I am totally intrigued by this book. It’s a graphic novel – which apparently is what this kind of comic-book-style is called whether fiction or nonfiction – of a teenager talking with an expert in space flight. The duo converse about what space is, what it takes to get there, and what happens once there. It could have been dry and boring: it is anything but. The graphics bring the whole story to life, as the duo can see examples of some otherwise-complex theories and engineering. Gravity is easier to explain when you can see what it does. It would be a hard job conveying what this book shows merely in words.

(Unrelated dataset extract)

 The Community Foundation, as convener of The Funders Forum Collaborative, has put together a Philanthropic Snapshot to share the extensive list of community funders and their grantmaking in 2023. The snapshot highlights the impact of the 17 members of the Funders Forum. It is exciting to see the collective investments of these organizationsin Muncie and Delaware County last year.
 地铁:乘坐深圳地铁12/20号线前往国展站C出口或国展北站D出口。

Combining words and images so well does not work without a lot of thought. There is clearly a huge amount of research done for this book, then pared down and expertly woven into an engrossing story. The two characters are both women of color, which I found an inspirational touch, and I know others will too. Telling the story as a curious teen eager to learn from an excited expert gives this book added zing.

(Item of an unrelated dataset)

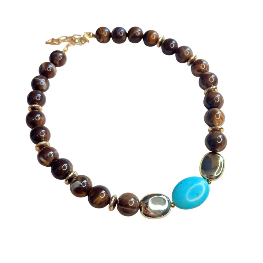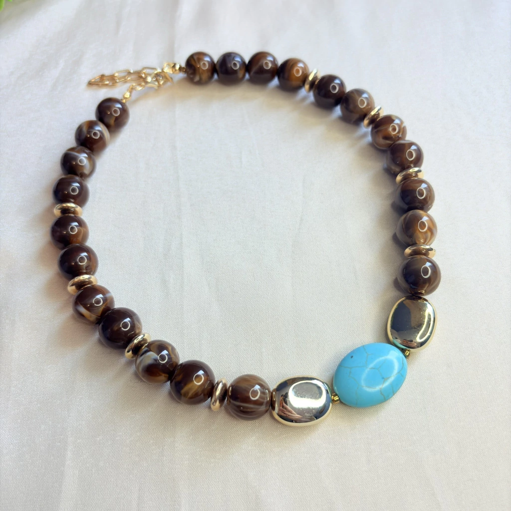 O Colar com Esferas Marmorizadas e Pedra Central Verde Água é a escolha perfeita para quem busca sofisticação com um toque natural. Sua composição intercala bolas marmorizados – disponíveis nas cores vermelho ou marrom – com pequenos detalhes dourados que trazem brilho e equilíbrio ao visual.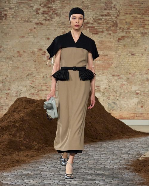 그녀의 날렵한 테일러드 드레스는 언제나 모스키노의 DNA를 특징지어 온 장인 정신과 공명하며 피날레에서 생동감을 주는 러플과 함께 기쁨의 순간을 전한다.

As a teenager, I’d have been reading and rereading every page until I got the concepts down cold. Adults, I think, could also get a real sense of the universe they live in by reading this. It’s a creatively unique way of taking us to Mars, showing all the challenges we face to do so. It’s a firehose of information, and I needed to keep pausing when reading it, because there is so much to take in.
I don’t recall a book before this that so lucidly sets out the myriad challenges ahead for any human Mars journey – and toys with saying it is simply too difficult – before showing why it’s important to keep working at it.